Note, however, that the best-known “anti-placebo” study is not as strong as is commonly believed. It relies heavily on a meta-analysis of other studies. Placebos appear to be effective in relieving the sufferer of pain, if nothing else. And placebos appear more effective when the ailment is continuous rather than discrete. Furthermore it is unclear how many people in the so-called no-treatment groups in fact received no treatment at all.
Robert Ehrlich’s Eight Preposterous Propositions offers a very good survey of the placebo debates. His conclusion:
In summary, the [critical] study may have shown that the placebo is not as powerful as some observers would believe, but it certainly is far from powerless.
By the way, did you know that people can become addicted to placebos, or suffer from harmful “side effects”? I’ll try to write more on “nocebos,” or negative placebos, soon, at least provided that my mental attitude holds up.
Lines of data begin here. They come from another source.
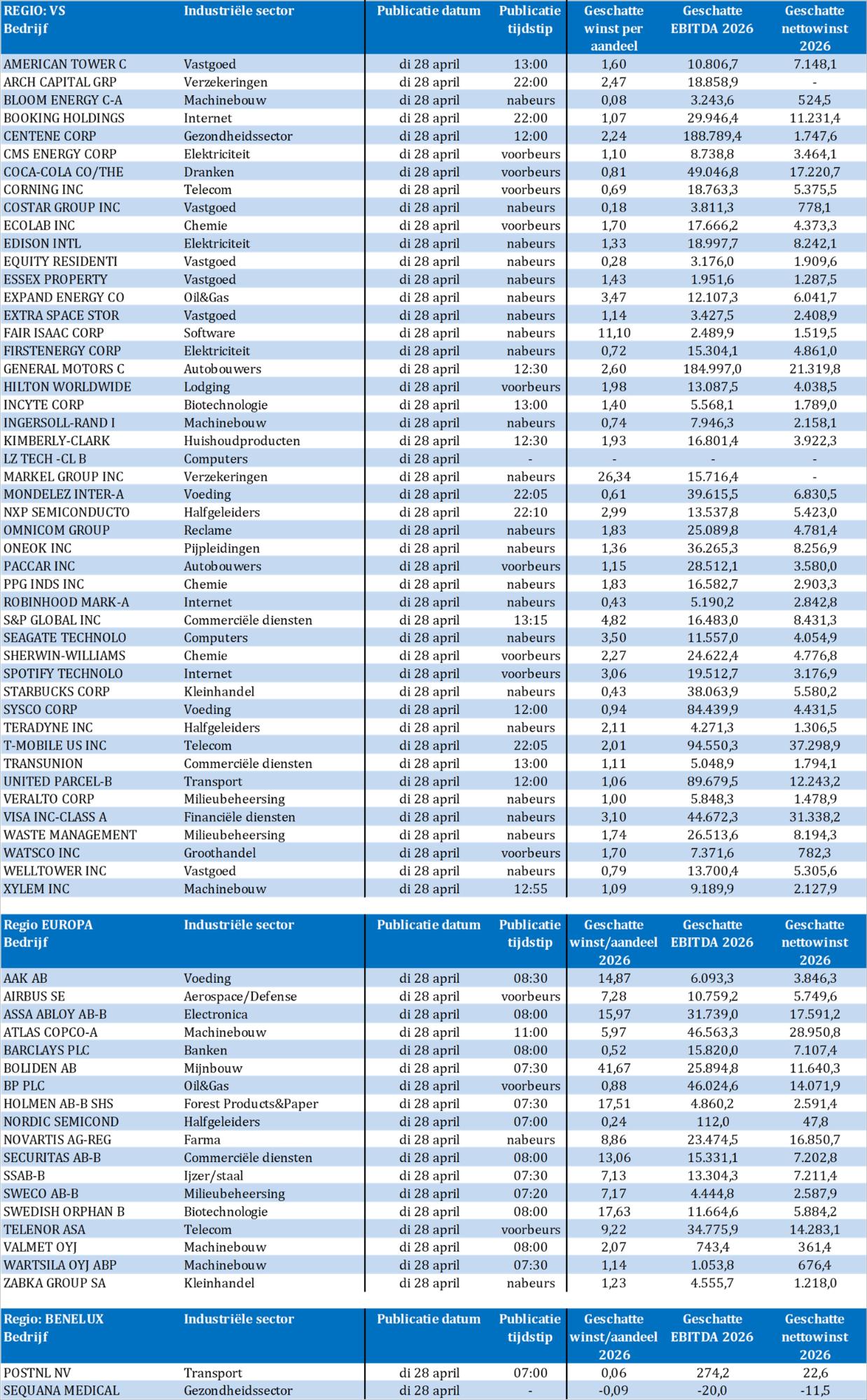 Qua bedrijfsresultaten komt er een pak op ons af. De eerste tsunami van het cijferseizoen is een feit, met onder meer Atlas Copco, Barclays, Booking, BP, Coca Cola, FirstEnergy, GM, Hilton, Mondelez, Novartis, NXP Semiconductors, Omnicom, PostNL, Robinhood Markets, S&P Global, Securitas, Spotify, Starbucks, UPS, Visa, Waste Management, Xylem etc …
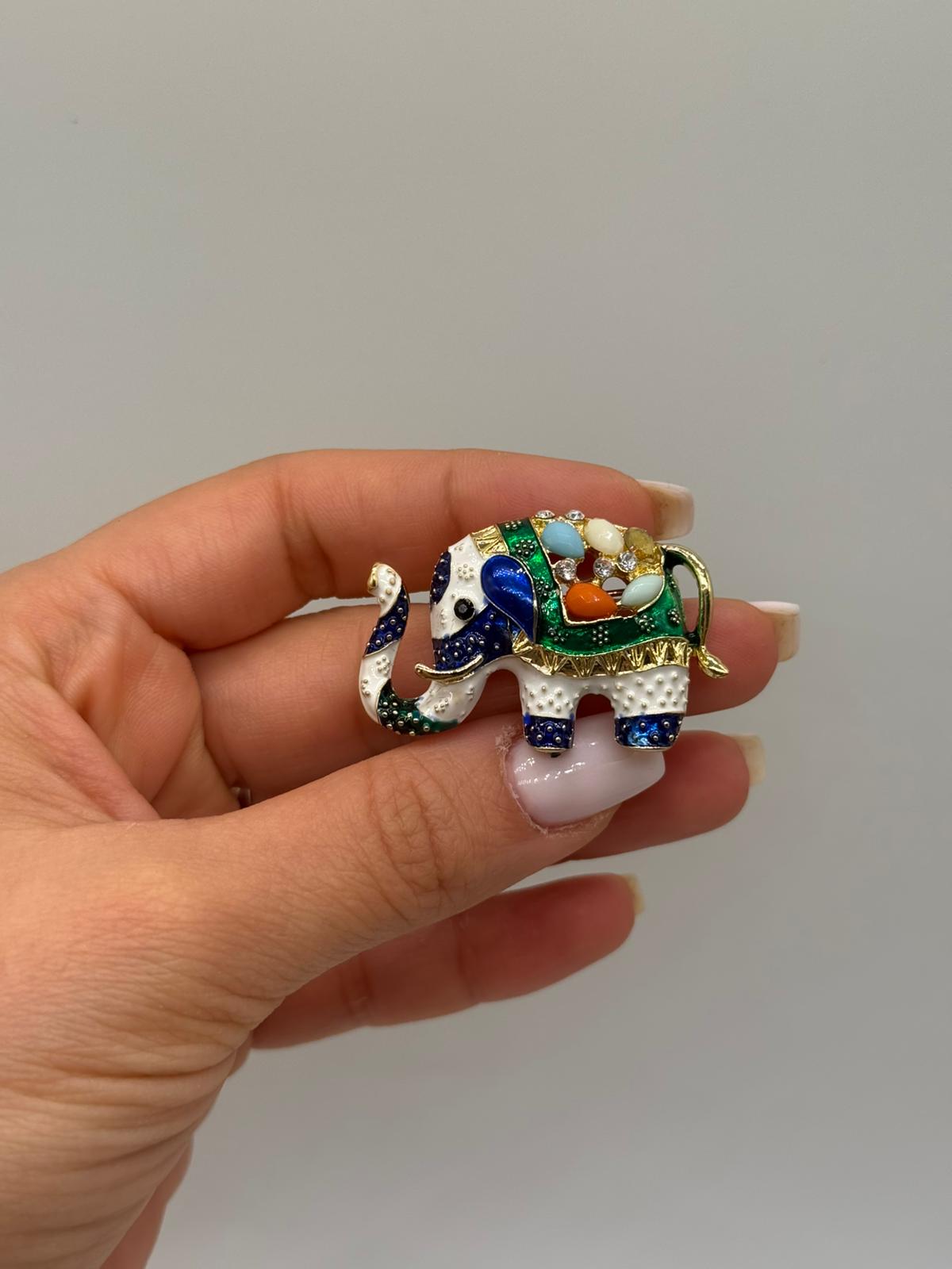 Uğur, bolluk ve gücün simgesi fil figüründen ilham alan bu özel broş, canlı renkleri ve detaylı işçiliğiyle dikkat çeker. Beyaz, lacivert ve yeşil tonlardaki mine detaylar; sırt kısmında yer alan renkli taş süslemeleri ile birleşerek ürüne neşeli ve şık bir görünüm kazandırır. Altın renk metal dokunuşlar tasarımı zarif bir şekilde tamamlar.
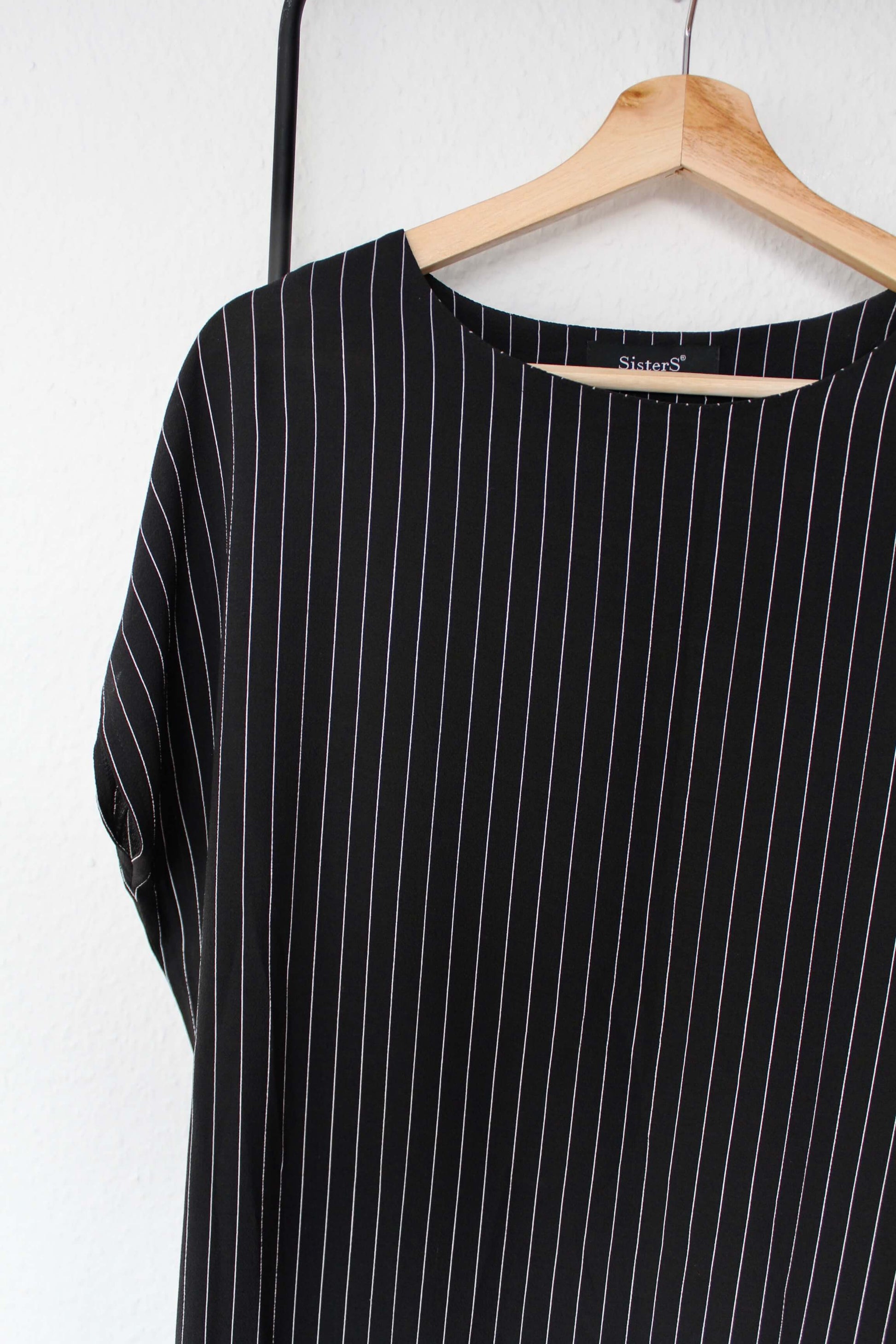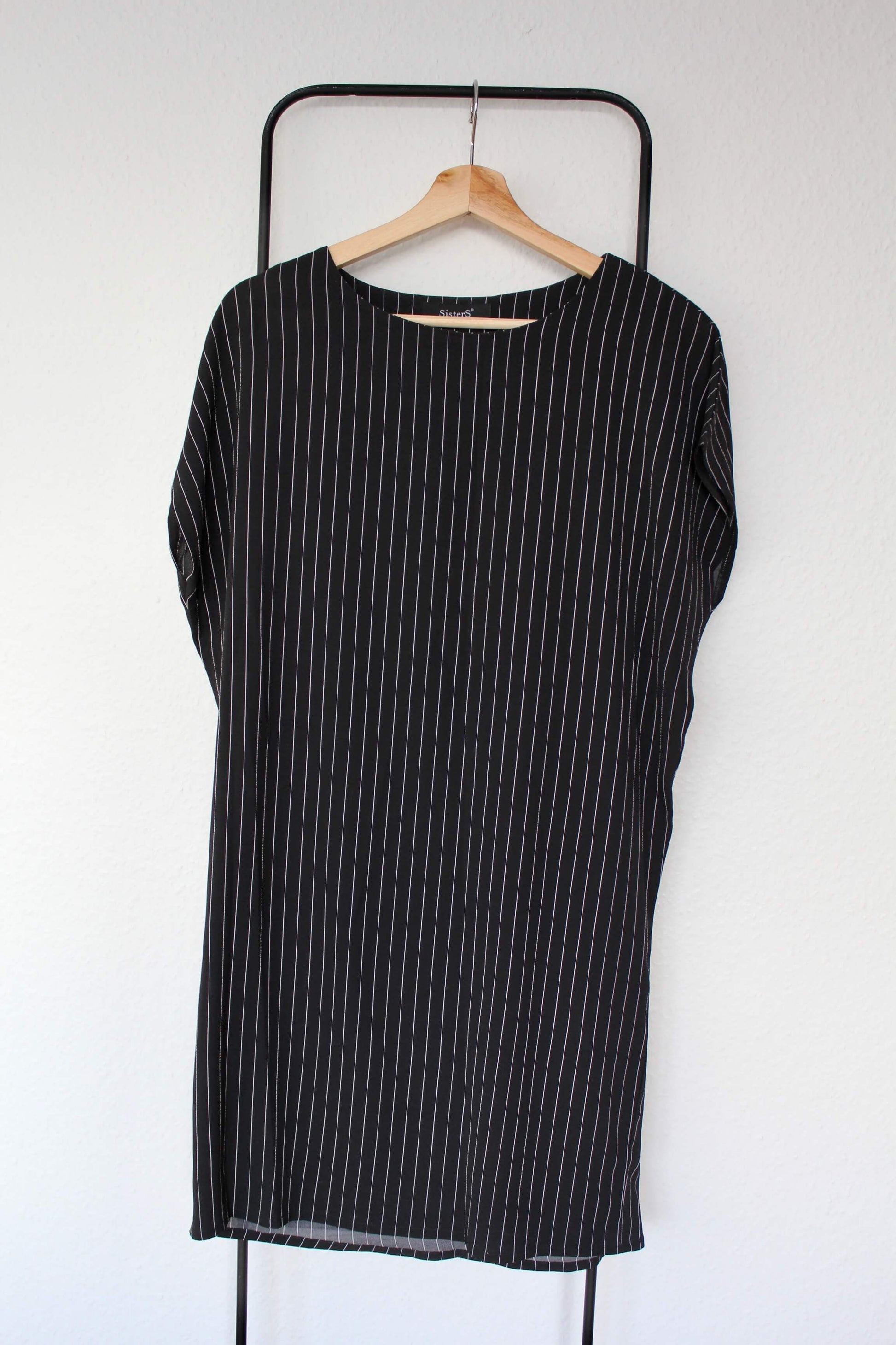 Fin og enkel kjole fra Sisters point i størrelse S. Kjolen er sort med hvide striber. Den har rund hals og en flot løstsiddende pasform. Den fremstår som ny ♡

I agree with Tyler that there is some serious evidence for placebo effects, especially although not exclusively for subjective components of disease. But the evidence is usually overstated because it is confused with the natural tendency of sick people to get better. A typical medical study, for example, will compare the results of a new drug against a placebo. The improvement in health of those on the placebo is then labeled “the placebo effect” – but this is wrong. To correctly identify the effect of the placebo one needs three randomly selected groups – a treated group, a placebo group and a non-treated group. The effect of the placebo per se is then measured by the health differences between the placebo and non-treated group. Although spontaneous healing effects are large, placebo effects when measured correctly tend to be small although not non-existent.
Of the strange beliefs that Tyler examines he finds craziest the idea that slender hands might signal artistic ability. Maybe, but you know what they say about truth and fiction. Recent research indicates that finger length relative to height and the relative length of the ring to index finger can predict a great deal about male depression and intelligence, who is most at risk for heart attacks and sexual orientation. The theory is that testosterone and other hormones like androgen are the direct causes but fingers are a particulary good marker for hormone production.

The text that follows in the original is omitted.